The Star Goes To A Salamander Hunt: In Search Of Rare Species
A car caravan snaked through the back roads of Bridgehampton on Saturday night in the moonlight. Each set of headlights following taillights closely made the 20 vehicles appear as segments of a single creature on a mission. In a way it was, given that each driver followed blindly the turns of the one ahead. Their destination was known only to the lead driver, Andy Sabin of the South Fork Natural History Society.
It was a secret society this night because the eastern tiger salamander, the world's largest land-dwelling variety, is vulnerable, especially at the height of an early breeding season.
Brief Trip Up
Mr. Sabin, a kindly, intense man, loves salamanders and has sought out the haunts of the six-inch-long tiger and the smaller marbled, spotted, blue-spotted, four-toed, and red-backed species native to the South Fork. Only the spotted is commonly found, and the tiger and blue-spotted salamanders are on the state's list of endangered species. The South Fork is the only place in the state where the elusive tiger salamanders are found.
On Saturday, at a prearranged meeting place in the dark, Mr. Sabin gathered around him hip-booted naturalists, amateur herpetologists wearing miners' lamps, curious adults with flashlights, and a half-dozen of the most natural hunters of slithery things -kids. He described their quarry and the importance of keeping under wraps the exact location of the kettlehole they would be visiting after a short drive.
Mr. Sabin whetted their appetites; the previous night at another vernal pond he had seen 19 egg masses and two adults.
Egg masses, he explained, were the end result of a relatively brief interlude in the tiger's mostly subterranean existence. The tigers are a species of "mole" salamander that hibernates underground in winter and feeds above and below ground in summer on worms, insects, mice, and small snakes. The alarm clock that wakes them from their winter sleep takes the form of 50-degree temperatures and a soaking rainfall that trickles its way down through the soil.
Seventy Spots Lost
Rainwater is the tigers' signal to push to the surface and begin their annual journey to the ancestral spawning pool. They are known to wander up to 1,000 feet away from their pools, and because they migrate only when it rains, the return trip can take time. Mr. Sabin told the group that this year's temperate winter weather had accelerated the tigers' trip to their pools, and that they should be at the height of their breeding season.
Rarely witnessed is the sensuous, and monogamous, courtship dance of the tiger salamander. . . .
The bad news is that the salamanders' trip to the spawning grounds has been increasingly frustrated because of road construction. For reasons not completely understood, 40 of 110 breeding spots documented on Long Island in 1984 are unproductive today because of development.

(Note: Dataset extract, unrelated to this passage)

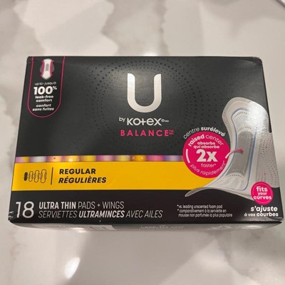 U by Kotex Balance Ultra Thin Regular Pads with Wings - Unscented - 36ct

Because they live in water, air, and soil, Mr. Sabin said, salamanders, like other amphibians, are "good barometers," canaries in the proverbial coal mine, that signal, by dying, when their environment has been harmed.
No Friend Of Fish
"Habitat destruction is their biggest enemy," Mr. Sabin said. "I've noticed the Fowler's toad is in severe decline, and the southern leopard frog has almost disappeared. Tigers are secretive, we don't really know their numbers."

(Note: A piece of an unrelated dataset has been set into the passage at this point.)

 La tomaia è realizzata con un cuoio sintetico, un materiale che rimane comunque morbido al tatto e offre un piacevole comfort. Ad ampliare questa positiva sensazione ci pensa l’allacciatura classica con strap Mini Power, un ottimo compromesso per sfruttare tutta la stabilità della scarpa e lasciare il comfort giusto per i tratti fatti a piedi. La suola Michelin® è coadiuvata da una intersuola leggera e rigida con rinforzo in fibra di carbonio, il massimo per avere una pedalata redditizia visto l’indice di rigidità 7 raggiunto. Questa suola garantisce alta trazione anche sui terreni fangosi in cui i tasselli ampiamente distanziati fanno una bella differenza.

The blue-spotted salamander is extremely rare, he said. They are relegated to Montauk and Prince Edward Island, a Canadian Maritime Province. Mr. Sabin was off on newts next, noting that those found in Montauk had gill slits while newts found elsewhere on the East End did not. "Montauk is unusual, interesting, there is a type of saltwater water snake found in Oyster Pond, and of course the southern leopard frog was found there," he said.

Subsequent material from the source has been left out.